Beberapa Alasan Mengapa Agen Sbobet Resmi Menyukai Radio dan Mengapa Radio Masih Dapat Eksis Hingga Sekarang

Radio sudah ada sejak era penjajahan belanda, dimasa lalu radio sering digunakan untuk gerakan politik atau tujuan tertentu. Seiring berjalanya waktu, radio sekarang digunakan untuk komersil yang kebanyakan bertujuan untuk masyarakat minoritas / mayoritas dengan tema-tema tertentu seperti hiburan, lagu, informasi, iklan, dsb. Walaupun di era digital seperti sekarang ini, Radio masih tetap eksis. Beberapa alasan tentunya menjadi perihal stasiun radio masih beroperasi dan masih mendapat keuntungan. Berikut beberapa alasan mengapa radio masih eksis sampai sekarang ini.

1. Radio dapat mengikuti perkembangan jaman

Meskipun di era digital sekarang ini sudah banyak menggunakan aplikasi atau tren teknologi terbaru. Radio dapat mengikuti perkembangan di era ini, banyak stasiun radio yang membuat aplikasi untuk ponsel pintar anda. Tidak hanya mudah, namun gelombang signal juga membuat radio semakin mudah diputar dimana-mana.

2. Radio adalah syarat fasilitas di dalam kendaraan bermotor

Tidak bisa dipungkiri dengan semakin maju perkembangan teknologi terkadang teknologi yang sudah ada akan digantikan dengan teknologi terbaru. Walau begitu, industri segmen kendaraan bermotor masih menempatkan radio sebagai fasilitas utama di dalam produk-produk mereka. Dari segmen harga murah sampai mahal umumnya masih memiliki pemutar alat radio walaupun terkadang bentuknya divariasi dengan sentuhan layar. Di kota besar radio sangat berguna untuk menemani saat lalu lintas sedang macet. Seperti agen pemilik link alternatif sbobet di Hokipanda.net, dia menjalani perjalanan pulangnya dari bekerja dengan ditemani lagu di prambors radio. Bahkan di radio mereka memasang iklan promo untuk semakin meramaikan situs judi terutama proyek permainan sbobet yang sedang mereka kerjakan.

3. Radio sebagai ajang kreativitas

Dipersaingan antar stasiun radio, mereka berlomba secara positif. Salah satunya kreativitas tim dengan menyalurkan berbagai hiburan. Seperti contoh mereka mengadakan kuis berhadiah, mengundang artis-artis tren, memutar lagu-lagu kekinian, membahas topik-topik yang sering dijumpai sehari-hari. Selain itu mereka juga membahas tentang topik daerah untuk tetap menanam jiwa nasionalis.

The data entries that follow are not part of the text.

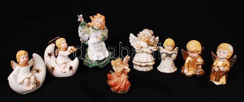 Beschreibung: 8 db karácsonyi kerámia angyalka, 7 és 12 cm közötti méretekben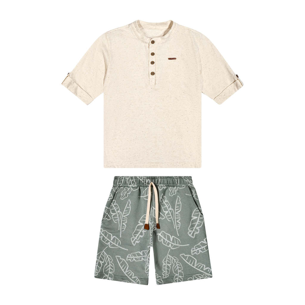 O Conjunto Colorittá é composto por camisa em malha linho e bermuda em moletom eco linho estampado. A camisa possui mangas 3/4 com detalhe dobrado, gola padre e abertura em botões no peitilho, trazendo um toque elegante ao look. Já a bermuda conta com elástico no cós, bolsos laterais e estampa de folhagens, que transmite a leveza da estação. Ideal para passeios descontraídos ou eventos especiais, esse conjunto combina conforto e atitude. Aposte!Detalhes da peça: • Conjunto composto por camisa e bermuda • Feito em malha linho e moletom eco linho estampado • Possui gola padre com botões no peitilho • Possui mangas 3/4 • Elástico no cós • Possui bolsos • Estampa tropical com folhas • Ideal para passeios descontraídos ou eventos especiais
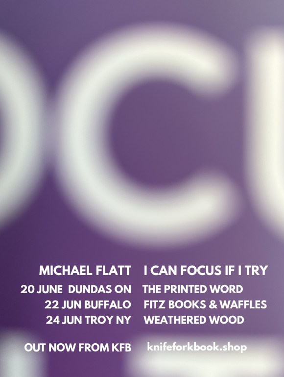 MICHAEL FLATT reads from his new KFB collection I CAN FOCUS IF I TRY supported by poet, R/B MERTZ reading from their upcoming CU T (Threadsuns, 2024) to a welcoming house at The Printed Word Bookshop, Dundas ON last night. Thanks James, and all who came out to celebrate.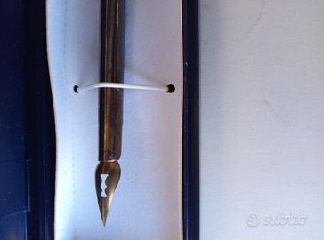 Pennino da inchiostro in argento 925, epoca Liberty (1920 /1930), cesellato, autentico, può essere personalizzato incidendo le proprie iniziali nello spazio ovale. Oggetto da scrittoio, da abbinare ad un calamaio antico (già pubblicato su Subito). Idea regalo! Per info 340 6203846 o WhatsApp.
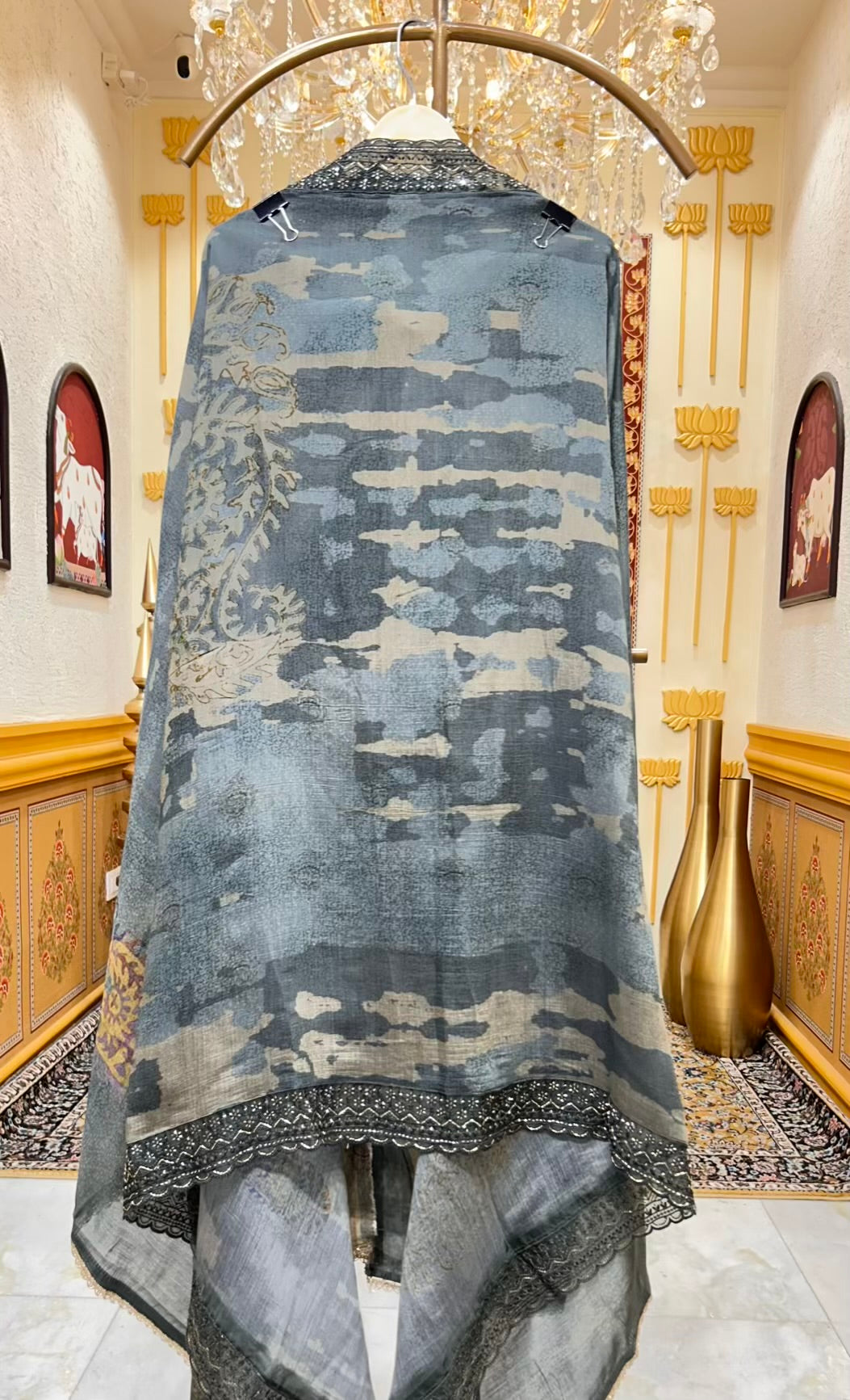 • Digital Printed Dupatta with Organza Border (2.25 mtrs) – Lightweight and fluid, framed with a four-side organza border enhanced by delicate handwork.

4. Biaya komersil tergolong murah

Untuk mendengarkan radio itu sangatlah murah, terkadang anda bisa mendengarkan secara gratis tanpa harus membeli alat. Selain itu untuk biayar komersil seperti iklan atau sponsor juga dapat dilakukan disetiap stasiun radio. Biayanya memang bermacam-macam namun jika dibanding dengan iklan lainya seperti banner atau koran, radio termasuk lebih rendah.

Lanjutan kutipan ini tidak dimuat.